1. \( \left\{\begin{array}{l}2 x+3 y=20\} \\ x-2 y-3\end{array}\right\} \)

To solve the system of equations, let's first rewrite the second part clearly. It seems like \( x - 2y = 3 \) is the second equation. Now we have: 1. \( 2x + 3y = 20 \) 2. \( x - 2y = 3 \) To solve these, we can use substitution or elimination. Let's isolate \( x \) from the second equation: \( x = 2y + 3 \).
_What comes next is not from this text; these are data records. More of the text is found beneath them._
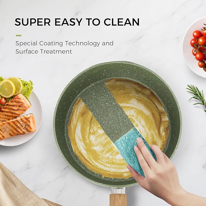 - Nonstick Granite Stone Coating: The pots and pans set features a durable granite stone coating that ensures easy food release and quick cleanup. The coating is also scratch-resistant and safe for use with metal utensils
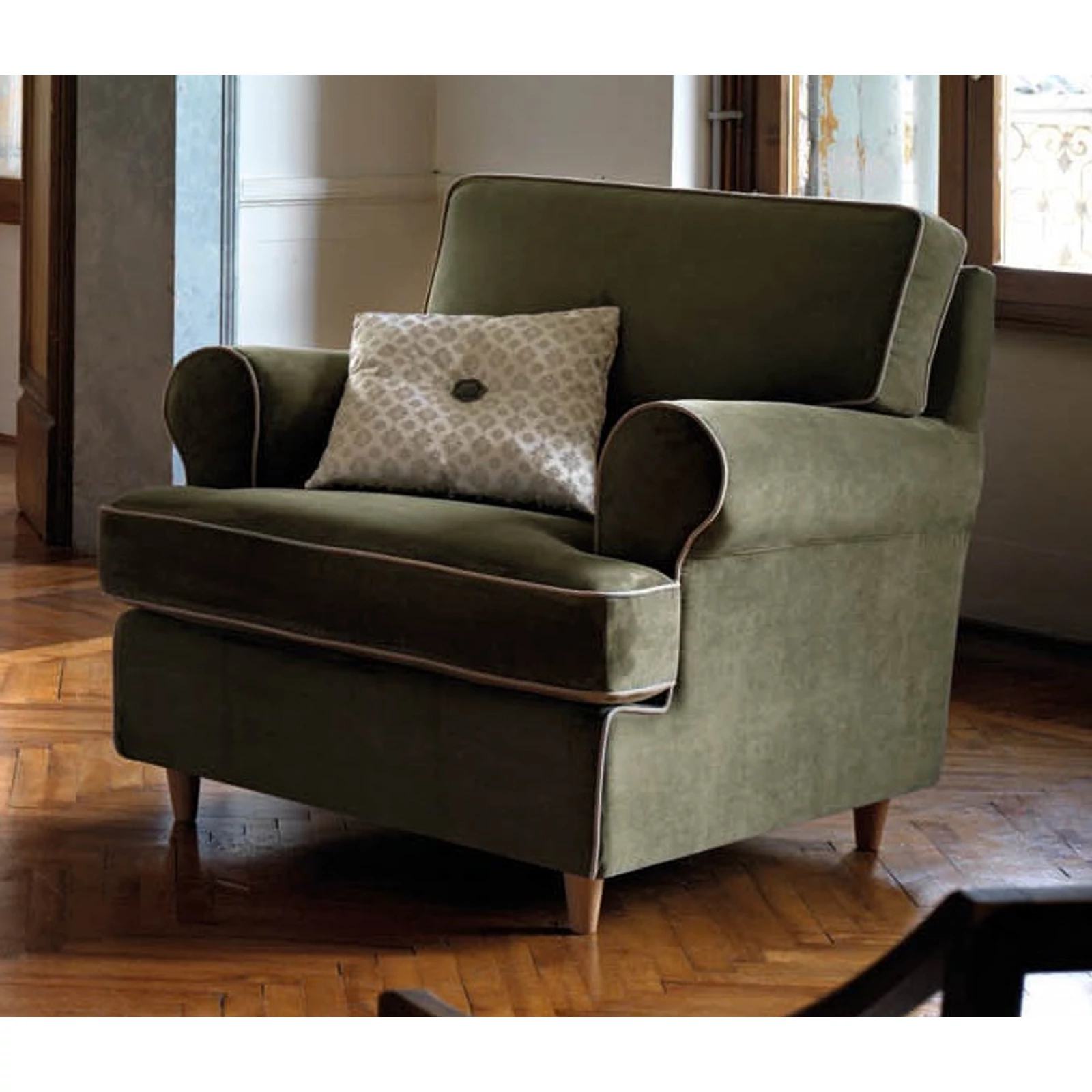 The soothing shapes of the Atena armchair, with kindness and charm, fill the very idea of design. The perfect harmony of forms and the heightened attention to detail captivate every gaze. The rounded armrests and timeless lines are perfectly highlighted by the defined piping. A model belonging to the Samoa Classic collection.
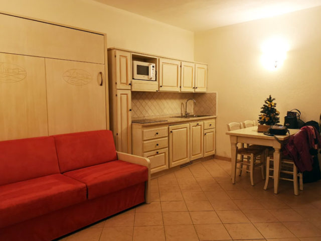Chi arriva in camper ha a disposizione le piazzole del campeggio. In alternativa, si può dormire nel residence, dove sono presenti diversi appartamenti, perfetti per le famiglie, che mettono a disposizione anche la cucina attrezzata per chi preferisce gestire i pasti in autonomia.
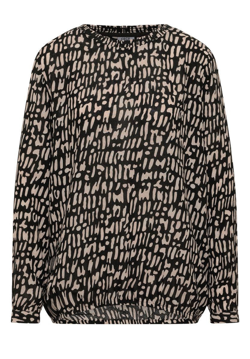 Die gemusterte Bluse von CECIL für Damen kombiniert einen grafischen Print mit charmanten Details wie einem Smock-Ausschnitt und dem elastischen Saum. Der softe Viskosemix mit Stretchanteil sorgt für hohen Tragekomfort. Perfekt für stilvolle Casual-Styles. Damenbluse mit grafischem Muster Rundhals mit Smockstruktur Elastischer Saum Langarm mit Bündchen Viskosemix mit Stretchanteil Material: 100% Viskose FARBNR
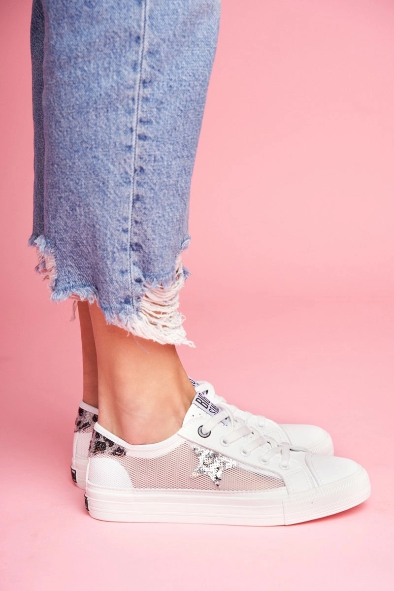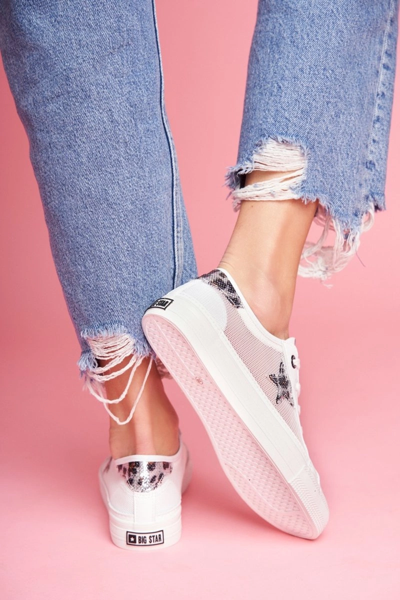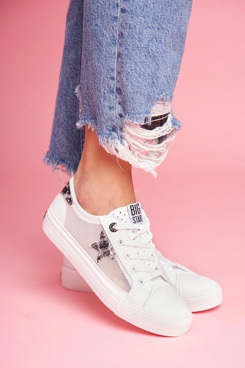 Niskie, klasyczne, ponadczasowe sznurowane trampki wykonane z siateczkowego materiału. Podeszwa antypoślizgowa, zdobiona logiem BIG STAR. Komfortowe trampki doskonale sprawdzą się zarówno podczas wyjścia do pracy, jak i w trakcie wycieczki za miasto. Klasyczny wzór połączony z niespotykaną dotąd wygodą to doskonały przepis na praktyczne i oryginalne buty. Przy wyborze rozmiaru prosimy kierować się tabelą rozmiarów.
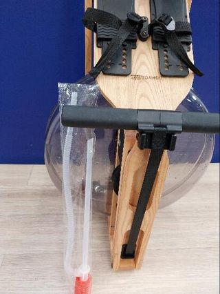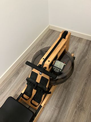 Máquina de remo con diseño de madera y depósito de agua. - Estructura principal de madera. - Depósito de agua transparente. - Pantalla digital para seguimiento de ejercicio. - Reposapiés ajustables con correas. - Manillar ergonómico.
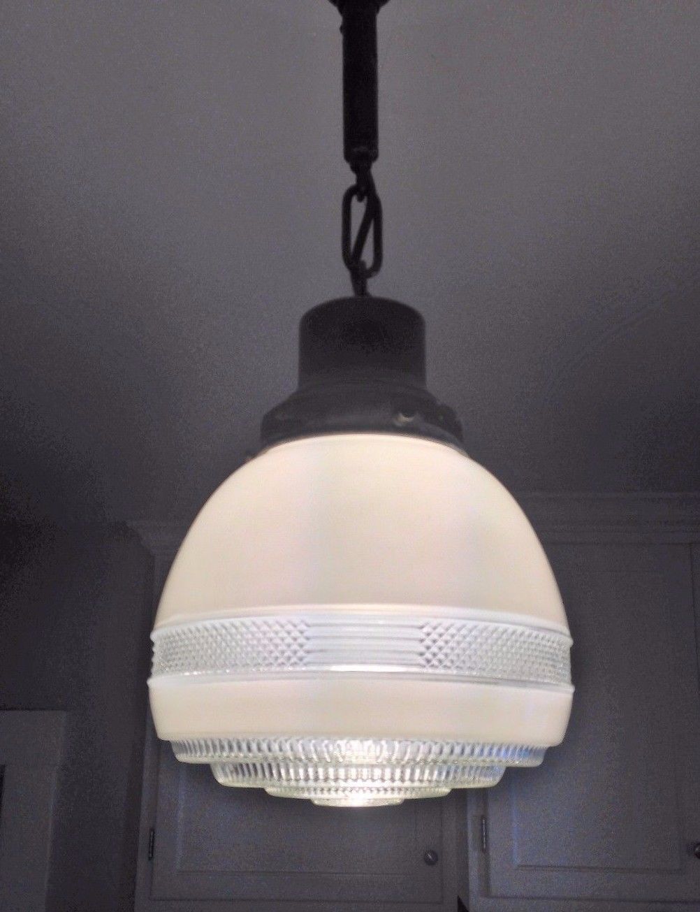Title (ebay affiliate link): Vintage 1920s 30s Art Deco Space Age MCM Milk Glass & Clear Ceiling Light Shade
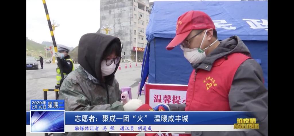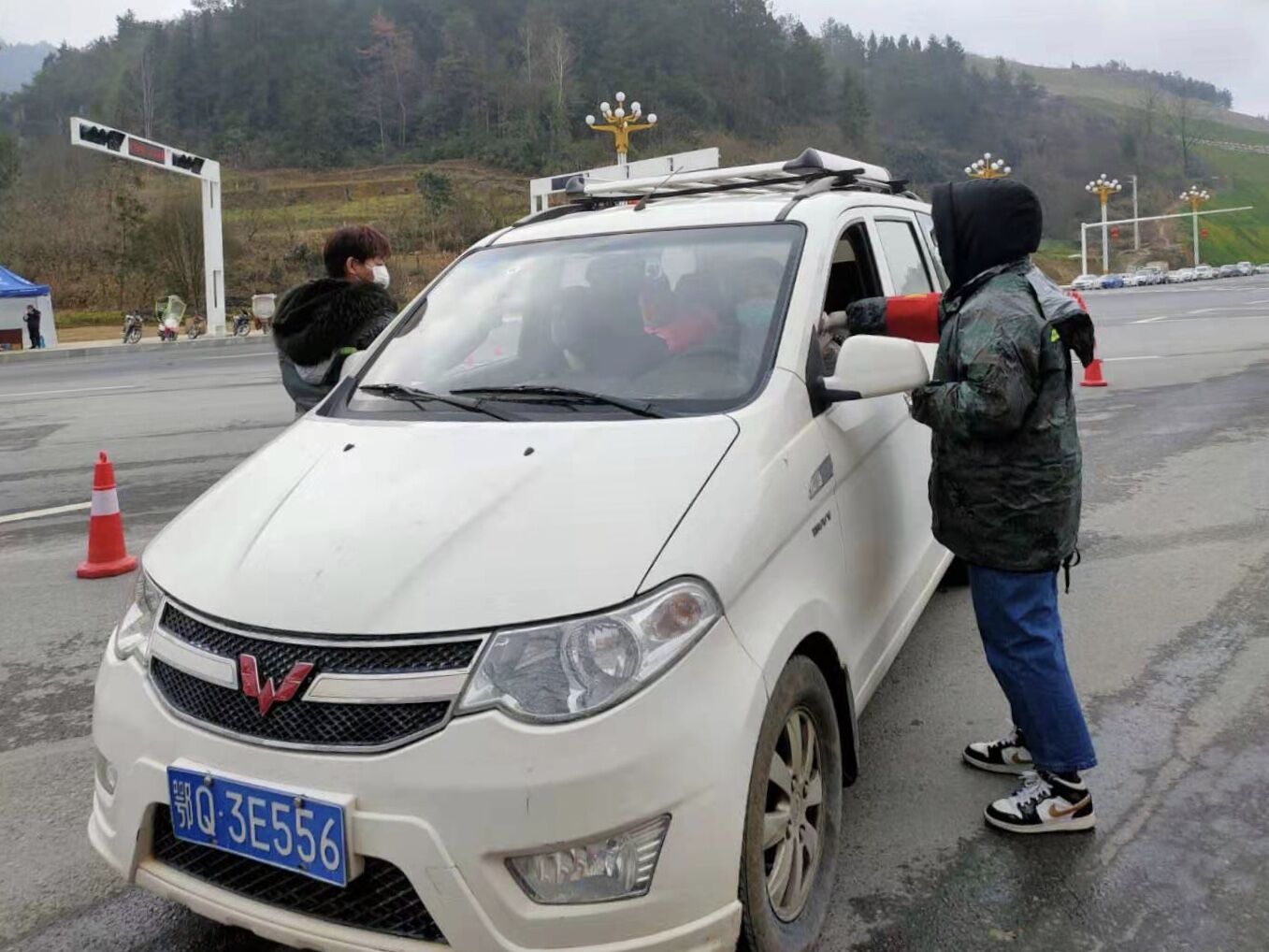 后來她通過公眾號,得知咸豐志愿者的相關(guān)信息,同時(shí)自身也符合招募要求,就和社區(qū)志愿小組協(xié)商交接好工作,之后與咸豐縣公安局的相關(guān)負(fù)責(zé)人取得了聯(lián)系。2月11日,作為恩施州咸豐縣公安局的一名志愿者,開始了為期7天的志愿者工作。她在卡口主要負(fù)責(zé)給出入人員測量體溫,遇到體溫不正常的人,首先排除因?yàn)榇皯艟o閉、吹暖氣所導(dǎo)致的暫時(shí)體溫過高的情況,讓其關(guān)掉熱空調(diào),開窗通風(fēng),之后進(jìn)行二次體溫檢查。

Now substitute \( x \) into the first equation: \( 2(2y + 3) + 3y = 20 \) Simplifying gives: \( 4y + 6 + 3y = 20 \) Combine like terms: \( 7y + 6 = 20 \) Subtracting 6 from both sides: \( 7y = 14 \) \( y = 2 \) Now substitute \( y = 2 \) back into \( x = 2y + 3 \): \( x = 2(2) + 3 = 4 + 3 = 7 \) So the solution is \( x = 7 \) and \( y = 2 \). Fun fact: Systems of equations have been around since ancient Babylonian times! Mathematicians used them for practical things like calculating areas or trade. Fast forward, and now you’re utilizing these concepts in algebra to tackle real-world challenges, like optimizing resources or planning schedules! To effectively solve these kinds of systems, remember to double-check your calculations and ensure you clearly define each variable. A common mistake is misaligning terms or making arithmetic errors. Writing each step down systematically can help you catch potential errors before they become a problem.